The final step involves integrating the trained AI predictions into an AR platform, which is under development. This interface will overlay real-time structural insights, such as stress paths and deformation zones, onto physical buildings. Engineers, conservators, and even the public will be able to interact directly with the structure, gaining insights through visual overlays without physical contact.

Expected and Preliminary Results

The integrated system is designed as an early-stage diagnostic tool for structural health monitoringoffering conservation teams a first-look assessment that can inform expert decision-making and guide more advanced investigations. Rather than replacing high-fidelity FEM analysis, it serves as a rapid, non-invasive scanning approach to flag potential structural issues and prioritise areas for deeper study.

The prototype allows engineers to navigate heritage sites while viewing projected overlays of stress patterns and deformation directly on structural elements. For conservators, this transforms preliminary inspections into interactive, data-informed processes. The system also enhances public engagement by enabling tourists and students to explore the hidden structural dynamics of historic architecture.

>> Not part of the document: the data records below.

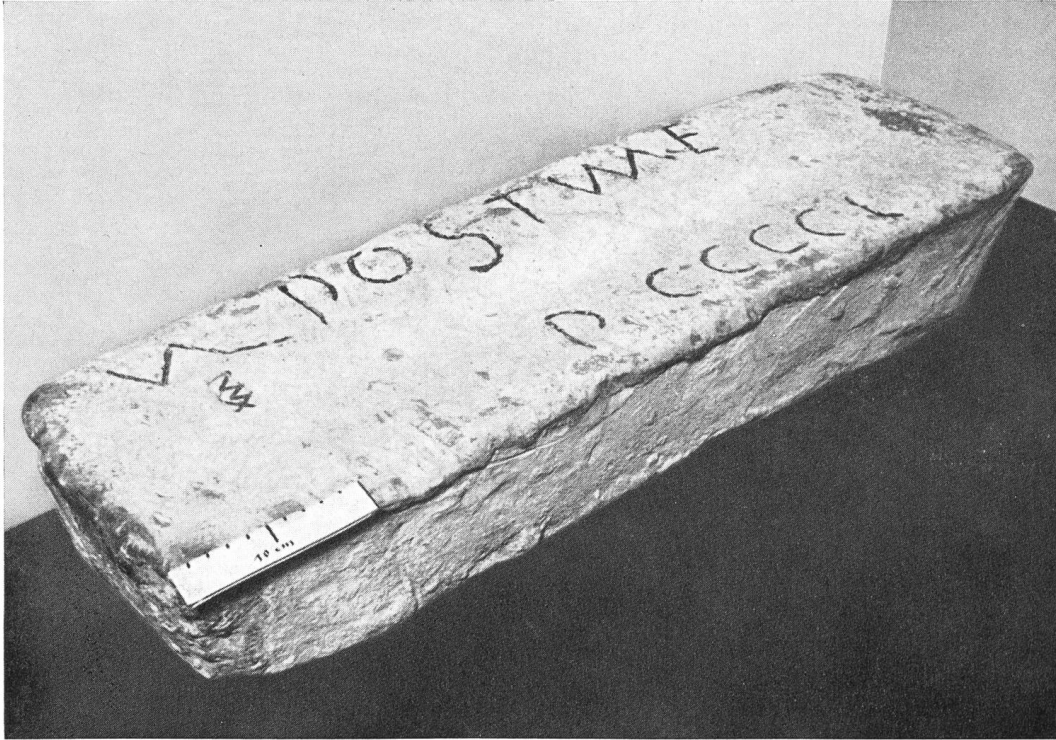
Abb. 13. Arbon. Römischer Bleibarren (Ur-Schweiz XVI, 51).

verneint werden, da die römischen Techniker wußten, daß vielmehr eine gemäßigte Temperatur geeignet war, diese Mischung feiner Riefen und glatter Flächen zu erzeugen und damit einen Barren von maximaler Festigkeit sowie ein günstiges Verhältnis zwischen Gewicht und kubischem Inhalt zu erzielen. Es bleibt die Möglichkeit, daß die Form beim Gießen von einem früheren Guß eines ähnlichen Barrens her noch heiß war, der kurz vorher entfernt worden war. Dies ist eine wichtige Folgerung, weil sie aussagen dürfte, daß der Barren an einem Ort hergestellt wurde, wo die Bleiproduktion in bedeutendem Ausmaß erfolgte und die Schmelzöfen eine beträchtliche Kapazität aufwiesen. Es ist nicht erstaunlich, daß – wie die nun zu besprechende Inschrift zeigen wird – derart wichtige Metallwerke unter militärischer Aufsicht standen.
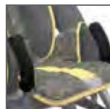
PROTECTOR SOPORTE BARRA FRONTAL
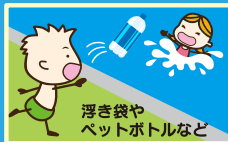
浮き袋やペットボトルなど
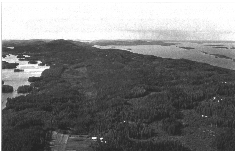
Kuva 5. Kolin kansallispuisto etelästä Vesivaaralta pohjoiseen. Vasemmalla Herajärvi, oikealla Pielinen harjusaarineen. Ukko- ja Akka-Kolin huiput siintävät horisontissa.

Huhtikuussa v. 1991 Kolin kansallispuisto perustettiin 1152 hehtaarin suuruisena ja tunteet alkoivat viiletä. Seuraavana vuonna Metsäntutkimuslaitos asetti työryhmän laatimaan Kolin kansallispuiston hoito- ja käyttösuunnitelman (runkosuunnitelman), mikä valmistui v. 1993. Kolin kansallispuiston tutkimuksen koordinointi ja tutkimuksen laajentaminen sekä polkuverkoston parantaminen palveluineen myös ns. laajennusosan alueelle aloitettiin. Vuonna 1995 kansallispuiston alueella laskettiin koko vuoden aikana kävijämääräksi n. 100 000 henkilöä.
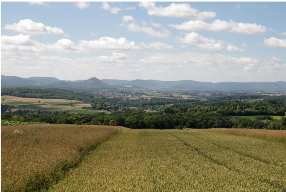
Blick von Altenriet in Richtung des Albanstiegs bei Reutlingen

Das Vorland der Mittleren und Westlichen Alb wird durch kleinere Flüsse zum Neckar entwässert. Unter ihnen sind die Lauter mit ihren verzweigt in das Kirchheimer Becken zurückgreifenden Quellflüssen, die Erms bei Metzingen, die bei Tübingen einmündende Steinlach, die Eyach bei Balingen und die Schlichem bei Schömberg die wichtigsten. Für das Fildergebiet ist v. a. das Körschtal als zentrale Tiefenlinie von Bedeutung.
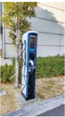
市内12か所の公共施設に普通充電器を設置

災害時に避難所で停電が起きた際の緊急の動力源として、電気自動車の蓄電池の活用を推進すべきと考えるが市の見解は。
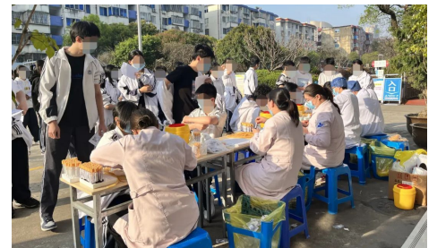
3月14日 我院开展椒江区高校招生体检,送检到校,助力高考
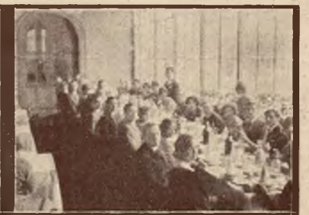
Bankiet pożegnalny w Sinaja.
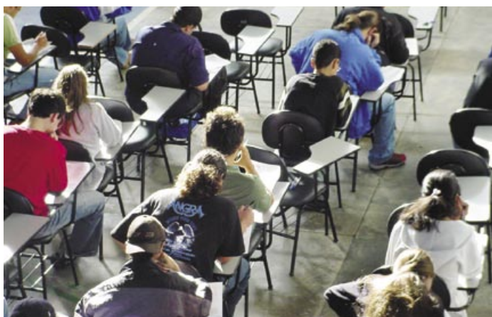
Muita concentração durante a prova.
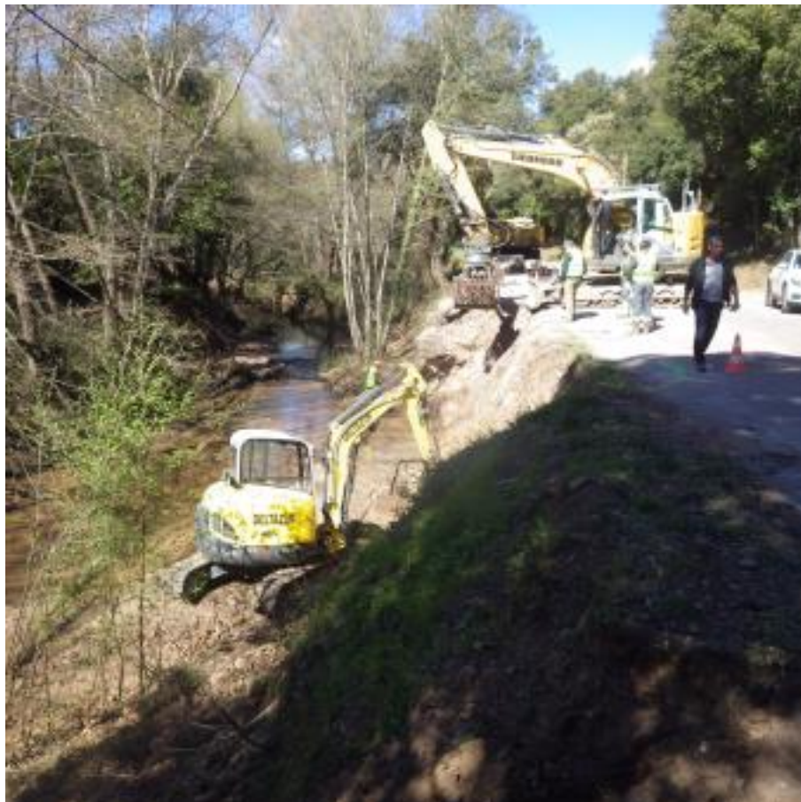
Travaux de soutènement sur route DFCI H 38 de Gratadis - 16 mars 2021

Suite à l'érosion créée lors de la crue d'octobre 2015 dans le vallon du Grenouillet, la commune de Saint-Raphaël a entrepris de consolider l'entrée à la Forêt Domaniale de l'Estérel au niveau de son accès majeur situé à Agay en réalisant un mur de soutènement de la route DFCI H38 de Gratadis.
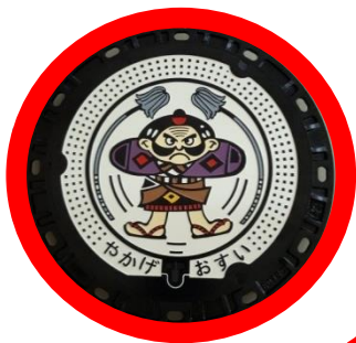
マンホールカードマンホール (北緯34°37'24.9"東経133°35'20.9")

矢掛町では旧農業集落排水は町の「木」「花」「街並み」をイメージしたデザイン蓋、公共下水道は町の最大イベントである「大名行列」で活躍する「やっこ」をイメージしたデザイン蓋を使用しています。マンホールカードの着色は町内の小学生から公募しました。
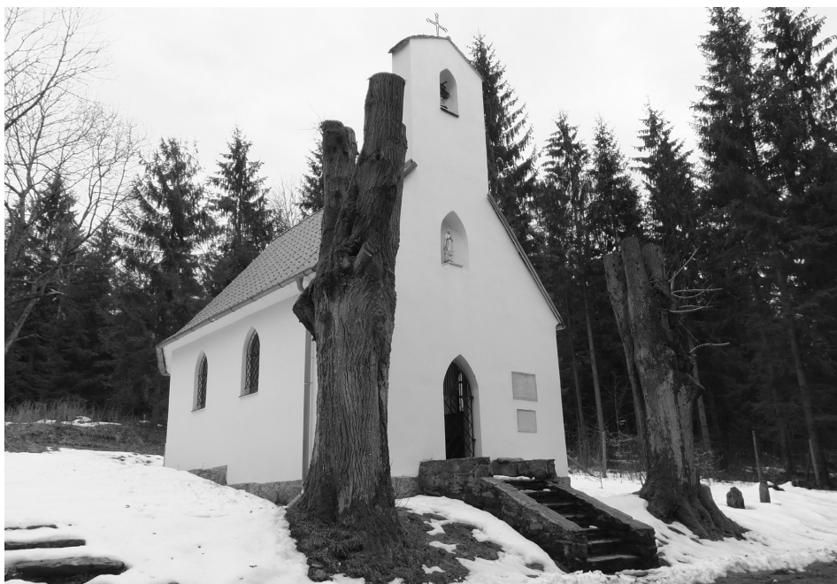
Fot. 5. Odnowiony kościółek w zanikłej wsi Karpno ponownie pełni funkcje religijno-społeczne Renovated church in a depopulated village of Karpno again fulfills its religious and social function
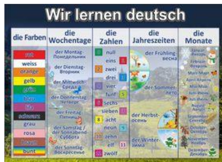
Артикул ШК-1504 Изучаем немецкий Размер 1,1x0,8 2660 РУБ
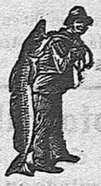
Obténase siempre la Emulsión con esta marca «El Pescador» marca del procedimiento Scott.

Ninguna otra emulsión en el mundo podía curar y fortalecer los pulmones del sargento, como hizo la Emulsión SCOTT, porque ninguna otra está compuesta de los mismos materiales puros y vigorizantes (haciendo caso omiso del coste) por el procedimiento único de SCOTT, que asegura la perfecta asimilación. Sin «el pescador con el pescado» en el envoltorio, la emulsión

The Yingxian Wooden Pagodas roof frame is currently being used as the first pilot case (Figure 5). The team is preparing 3D scanning to generate a refined FEM model, while experimenting with various Dougong bracket types. Roof structures across all tiers are being processed for machine learning training. These efforts will lay the foundation for the next development phase of the AR-FEM-AI platform.

Discussion: Potential, Limitations, and Future Work

This research aimed to develop a unified AR-FEM-AI system for early-stage structural health monitoring and visualisation of heritage buildings. By combining the analytical precision of FEM, the responsiveness of AI, and the accessibility of AR, the system aims to offer a hands-off alternative to traditional methods, supporting rapid, first-pass assessments to guide expert analysis.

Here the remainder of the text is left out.